L'agence de notation Moody's a laissé jeudi inchangée la note de la France, Aaa avec perspective négative, indiquant qu'elle se donne quelques mois pour évaluer la politique économique du gouvernement français, dans un environnement économique difficile en zone euro.

AGENCE FRANCE-PRESSE

Pour Moody's, le nouveau président français François Hollande a montré sa détermination à relancer l'économie, mais le chemin pour y parvenir reste incertain. Le Aaa est la meilleure note possible chez Moody's.

Compte tenu des incertitudes liées à la crise en zone euro, «durant la seconde partie de l'année, et en particulier après les élections législatives à venir, Moody's attend que l'actuel gouvernement donne une image plus claire de son programme», selon l'agence de notation.

Pour elle, les objectifs de moyen terme de François Hollande, tant sur l'assainissement budgétaire que la croissance, sont quasi similaires à ceux du sortant Nicolas Sarkozy. Toutefois, M. Hollande compte davantage sur l'augmentation des recettes que son prédécesseur, selon l'agence.

Moody's a attribué une perspective négative au triple A de la France mi-février, ce qui signifie qu'elle envisage d'abaisser la note «à moyen terme».

Dans son communiqué publié jeudi, Moody's énumère les événements qui pourraient l'amener soit à dégrader la France, soit à relever la perspective à stable.

Selon Moody's, la perte du tripe A interviendrait si le gouvernement ne parvient pas à mettre en place les mesures budgétaires et économiques nécessaires pour réduire la dette.

L'agence rappelle que parmi les pays qu'elle note triple A, la France figure parmi les plus fragiles sur le critère de la dette.

Une aggravation sensible de la crise de la zone euro et l'éventualité d'un sauvetage des banques françaises comptent parmi les facteurs pouvant conduire à une dégradation.

En revanche, la France pourrait récupérer sa perspective stable si elle fait des efforts sur sa dette et si la crise européenne se fait moins ressentir.

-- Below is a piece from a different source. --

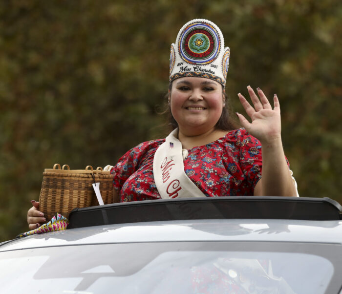 2024-25 Miss Cherokee Moira George is shown in the 113th Cherokee Indian Fair Parade in Cherokee, N.C. on Tuesday, Oct. 7. (SCOTT MCKIE B.P./One Feather photo)

Au lendemain du second tour de l'élection présidentielle, les concurrentes de Moody's n'avaient pas non plus changé la note sur le pays.

Standard & Poor's, qui avait avait retiré en janvier le «AAA» à la France, avait indiqué que l'élection de François Hollande n'avait pas «d'impact immédiat et Fitch avait confirmé qu'elle ne se prononcerait pas sur la perspective d'évolution du AAA (sous perspective négative) avant 2013.